━━ DATA

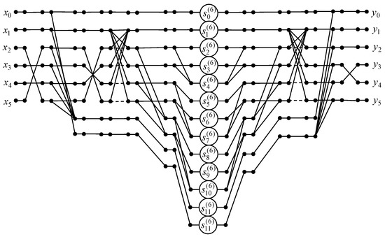 A data-flow graph of the proposed algorithm of the six-point DCT-V is presented in Figure 5. We are able to reduce the number of multiplication operations from 36 to 13, but the number of addition operations is increased from 30 to 41.
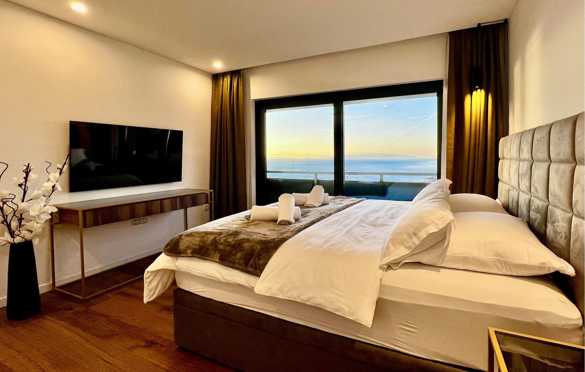 Denne exceptionelle luksusejendom forkæler jer med et stilfuldt interiør af høj kvalitet og en fantastisk panoramaudsigt over havet. Fremtryll kulinariske højdepunkter i det moderne køkken, og nyd måltiderne i den åbne opholdsstue, hvor store vinduer giver masser af naturligt lys. Om aftenen fremhæves de smagfulde møbler af varmt lys – lad brændeovnen sørge for ekstra hygge, mens I slapper af i sofaen.
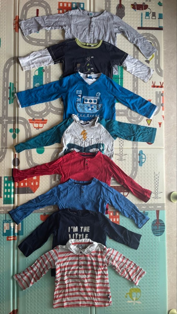 8 hauts manches longues garçon, en très bon état, pas abîmer pas taché 24 mois
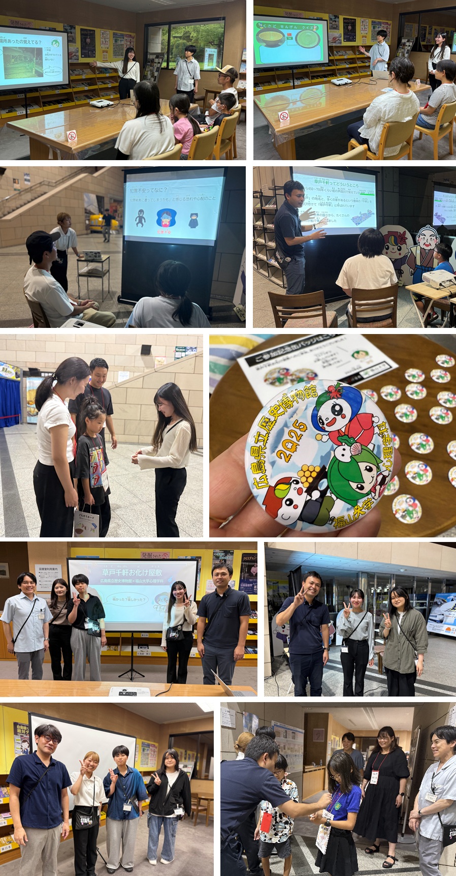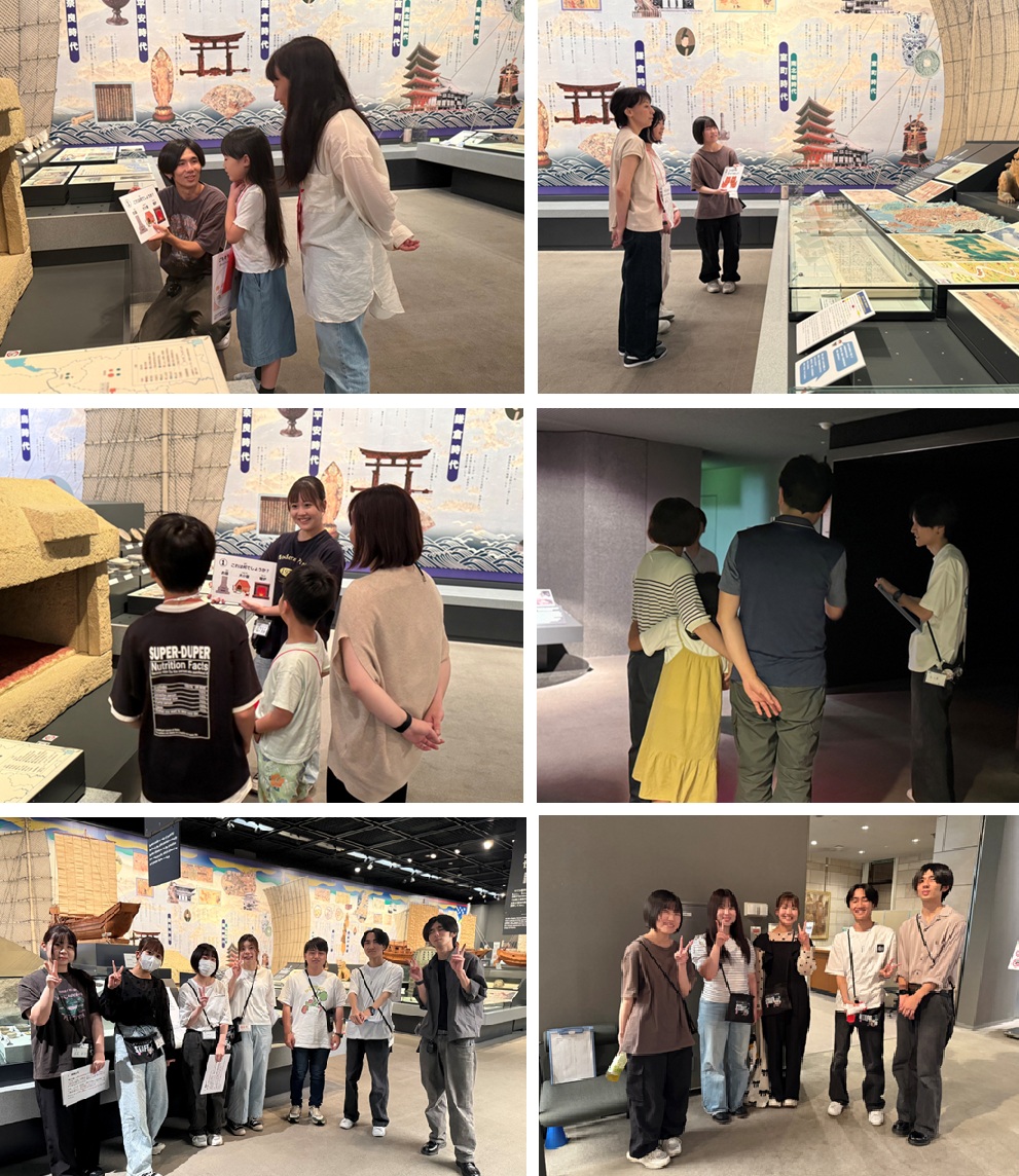 <歴史や心理学の話をする学生スタッフや学芸員さんの様子。オリジナル缶バッチもプレゼントとして渡しました。>

━━━━

* **YOUR GOAL**: Output all the data, exactly, without images.

* **COMPLETED TASK**:
 A data-flow graph of the proposed algorithm of the six-point DCT-V is presented in Figure 5. We are able to reduce the number of multiplication operations from 36 to 13, but the number of addition operations is increased from 30 to 41.
 Denne exceptionelle luksusejendom forkæler jer med et stilfuldt interiør af høj kvalitet og en fantastisk panoramaudsigt over havet. Fremtryll kulinariske højdepunkter i det moderne køkken, og nyd måltiderne i den åbne opholdsstue, hvor store vinduer giver masser af naturligt lys. Om aftenen fremhæves de smagfulde møbler af varmt lys – lad brændeovnen sørge for ekstra hygge, mens I slapper af i sofaen.
 8 hauts manches longues garçon, en très bon état, pas abîmer pas taché 24 mois
 <歴史や心理学の話をする学生スタッフや学芸員さんの様子。オリジナル缶バッチもプレゼントとして渡しました。>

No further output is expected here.